* **YOUR OBJECTIVE**: Please copy the entries below word for word, leaving out any image.
● ● ● ●
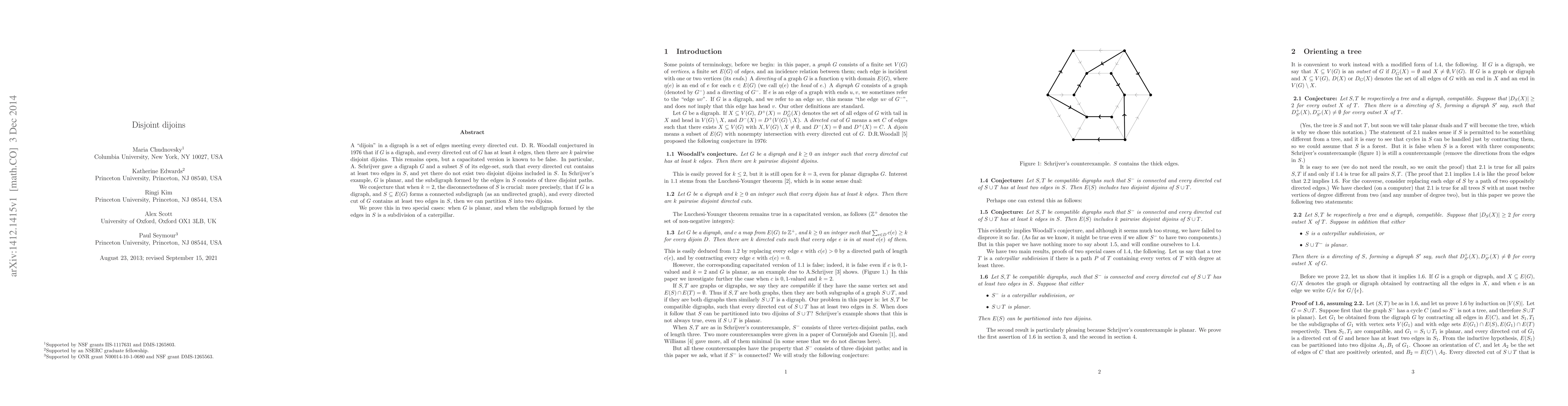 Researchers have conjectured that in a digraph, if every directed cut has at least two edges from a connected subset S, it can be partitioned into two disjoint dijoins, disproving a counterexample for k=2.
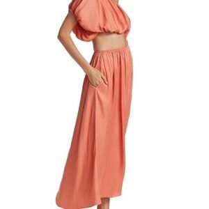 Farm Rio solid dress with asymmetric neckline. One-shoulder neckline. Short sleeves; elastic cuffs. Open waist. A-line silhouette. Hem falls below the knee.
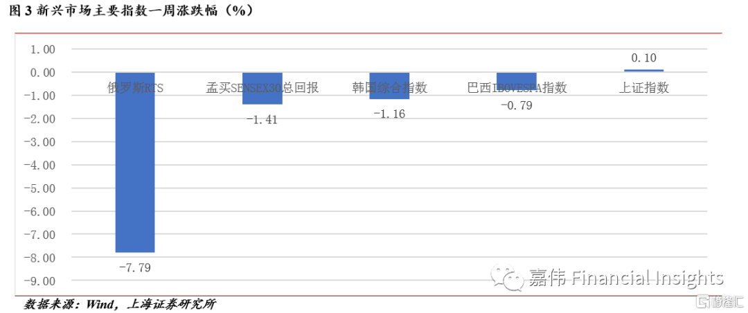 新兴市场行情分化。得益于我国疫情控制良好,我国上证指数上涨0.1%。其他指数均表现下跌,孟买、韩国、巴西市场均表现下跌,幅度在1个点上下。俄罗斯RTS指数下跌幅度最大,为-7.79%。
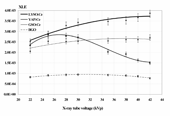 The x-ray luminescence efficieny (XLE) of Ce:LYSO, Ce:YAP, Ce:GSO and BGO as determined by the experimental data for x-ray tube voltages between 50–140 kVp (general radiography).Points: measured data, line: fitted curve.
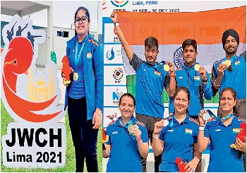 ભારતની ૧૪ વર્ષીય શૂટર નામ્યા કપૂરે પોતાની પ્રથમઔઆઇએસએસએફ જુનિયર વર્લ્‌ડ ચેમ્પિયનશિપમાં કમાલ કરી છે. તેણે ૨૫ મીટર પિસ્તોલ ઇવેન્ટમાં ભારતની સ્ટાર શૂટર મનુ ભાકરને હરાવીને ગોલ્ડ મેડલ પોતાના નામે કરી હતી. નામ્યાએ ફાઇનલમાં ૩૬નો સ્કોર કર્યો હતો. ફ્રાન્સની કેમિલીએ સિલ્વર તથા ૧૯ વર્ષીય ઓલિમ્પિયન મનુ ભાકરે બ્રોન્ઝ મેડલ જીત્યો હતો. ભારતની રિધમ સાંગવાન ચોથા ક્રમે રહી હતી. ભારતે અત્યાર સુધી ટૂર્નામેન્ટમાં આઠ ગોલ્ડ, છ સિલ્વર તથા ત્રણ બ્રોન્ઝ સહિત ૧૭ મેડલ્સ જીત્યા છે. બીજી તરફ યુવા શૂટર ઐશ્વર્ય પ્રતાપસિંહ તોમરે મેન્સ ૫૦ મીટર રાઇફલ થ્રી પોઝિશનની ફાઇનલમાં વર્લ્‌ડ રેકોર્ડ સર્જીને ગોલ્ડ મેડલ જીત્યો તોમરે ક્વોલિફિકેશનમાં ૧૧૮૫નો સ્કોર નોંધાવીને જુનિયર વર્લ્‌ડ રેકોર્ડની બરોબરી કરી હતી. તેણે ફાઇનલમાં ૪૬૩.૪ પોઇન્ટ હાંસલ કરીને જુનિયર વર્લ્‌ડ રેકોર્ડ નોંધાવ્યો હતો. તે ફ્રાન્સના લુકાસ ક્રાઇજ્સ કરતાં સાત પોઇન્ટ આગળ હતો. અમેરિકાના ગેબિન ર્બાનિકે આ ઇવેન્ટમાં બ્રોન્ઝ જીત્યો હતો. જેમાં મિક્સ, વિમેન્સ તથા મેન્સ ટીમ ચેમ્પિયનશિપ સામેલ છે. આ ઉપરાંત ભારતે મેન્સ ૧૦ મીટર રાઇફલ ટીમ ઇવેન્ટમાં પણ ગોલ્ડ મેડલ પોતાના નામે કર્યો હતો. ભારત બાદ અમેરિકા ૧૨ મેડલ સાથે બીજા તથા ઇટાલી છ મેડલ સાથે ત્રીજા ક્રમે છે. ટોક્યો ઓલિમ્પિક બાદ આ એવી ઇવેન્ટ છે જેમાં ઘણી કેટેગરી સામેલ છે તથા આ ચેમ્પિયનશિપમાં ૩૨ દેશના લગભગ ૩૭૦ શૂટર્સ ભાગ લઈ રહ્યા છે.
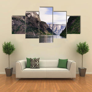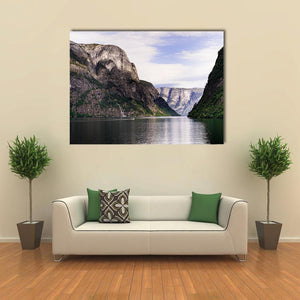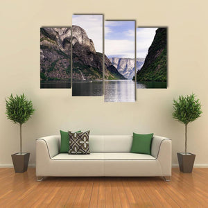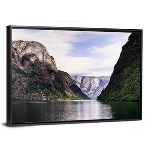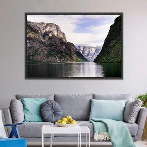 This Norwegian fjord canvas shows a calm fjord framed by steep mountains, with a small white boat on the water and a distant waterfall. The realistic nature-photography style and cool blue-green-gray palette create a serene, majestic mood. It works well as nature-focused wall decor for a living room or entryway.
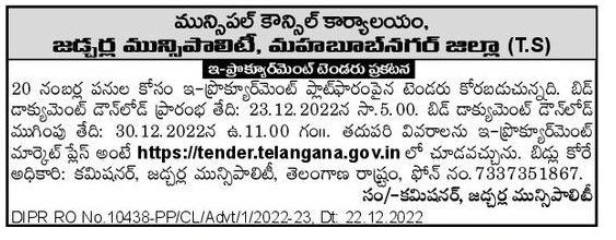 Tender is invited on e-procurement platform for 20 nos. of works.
● ● ● ●
* **EXERCISE ANSWER**:
 Researchers have conjectured that in a digraph, if every directed cut has at least two edges from a connected subset S, it can be partitioned into two disjoint dijoins, disproving a counterexample for k=2.
 Farm Rio solid dress with asymmetric neckline. One-shoulder neckline. Short sleeves; elastic cuffs. Open waist. A-line silhouette. Hem falls below the knee.
 新兴市场行情分化。得益于我国疫情控制良好,我国上证指数上涨0.1%。其他指数均表现下跌,孟买、韩国、巴西市场均表现下跌,幅度在1个点上下。俄罗斯RTS指数下跌幅度最大,为-7.79%。
 The x-ray luminescence efficieny (XLE) of Ce:LYSO, Ce:YAP, Ce:GSO and BGO as determined by the experimental data for x-ray tube voltages between 50–140 kVp (general radiography).Points: measured data, line: fitted curve.
 ભારતની ૧૪ વર્ષીય શૂટર નામ્યા કપૂરે પોતાની પ્રથમઔઆઇએસએસએફ જુનિયર વર્લ્‌ડ ચેમ્પિયનશિપમાં કમાલ કરી છે. તેણે ૨૫ મીટર પિસ્તોલ ઇવેન્ટમાં ભારતની સ્ટાર શૂટર મનુ ભાકરને હરાવીને ગોલ્ડ મેડલ પોતાના નામે કરી હતી. નામ્યાએ ફાઇનલમાં ૩૬નો સ્કોર કર્યો હતો. ફ્રાન્સની કેમિલીએ સિલ્વર તથા ૧૯ વર્ષીય ઓલિમ્પિયન મનુ ભાકરે બ્રોન્ઝ મેડલ જીત્યો હતો. ભારતની રિધમ સાંગવાન ચોથા ક્રમે રહી હતી. ભારતે અત્યાર સુધી ટૂર્નામેન્ટમાં આઠ ગોલ્ડ, છ સિલ્વર તથા ત્રણ બ્રોન્ઝ સહિત ૧૭ મેડલ્સ જીત્યા છે. બીજી તરફ યુવા શૂટર ઐશ્વર્ય પ્રતાપસિંહ તોમરે મેન્સ ૫૦ મીટર રાઇફલ થ્રી પોઝિશનની ફાઇનલમાં વર્લ્‌ડ રેકોર્ડ સર્જીને ગોલ્ડ મેડલ જીત્યો તોમરે ક્વોલિફિકેશનમાં ૧૧૮૫નો સ્કોર નોંધાવીને જુનિયર વર્લ્‌ડ રેકોર્ડની બરોબરી કરી હતી. તેણે ફાઇનલમાં ૪૬૩.૪ પોઇન્ટ હાંસલ કરીને જુનિયર વર્લ્‌ડ રેકોર્ડ નોંધાવ્યો હતો. તે ફ્રાન્સના લુકાસ ક્રાઇજ્સ કરતાં સાત પોઇન્ટ આગળ હતો. અમેરિકાના ગેબિન ર્બાનિકે આ ઇવેન્ટમાં બ્રોન્ઝ જીત્યો હતો. જેમાં મિક્સ, વિમેન્સ તથા મેન્સ ટીમ ચેમ્પિયનશિપ સામેલ છે. આ ઉપરાંત ભારતે મેન્સ ૧૦ મીટર રાઇફલ ટીમ ઇવેન્ટમાં પણ ગોલ્ડ મેડલ પોતાના નામે કર્યો હતો. ભારત બાદ અમેરિકા ૧૨ મેડલ સાથે બીજા તથા ઇટાલી છ મેડલ સાથે ત્રીજા ક્રમે છે. ટોક્યો ઓલિમ્પિક બાદ આ એવી ઇવેન્ટ છે જેમાં ઘણી કેટેગરી સામેલ છે તથા આ ચેમ્પિયનશિપમાં ૩૨ દેશના લગભગ ૩૭૦ શૂટર્સ ભાગ લઈ રહ્યા છે.
 This Norwegian fjord canvas shows a calm fjord framed by steep mountains, with a small white boat on the water and a distant waterfall. The realistic nature-photography style and cool blue-green-gray palette create a serene, majestic mood. It works well as nature-focused wall decor for a living room or entryway.
 Tender is invited on e-procurement platform for 20 nos. of works.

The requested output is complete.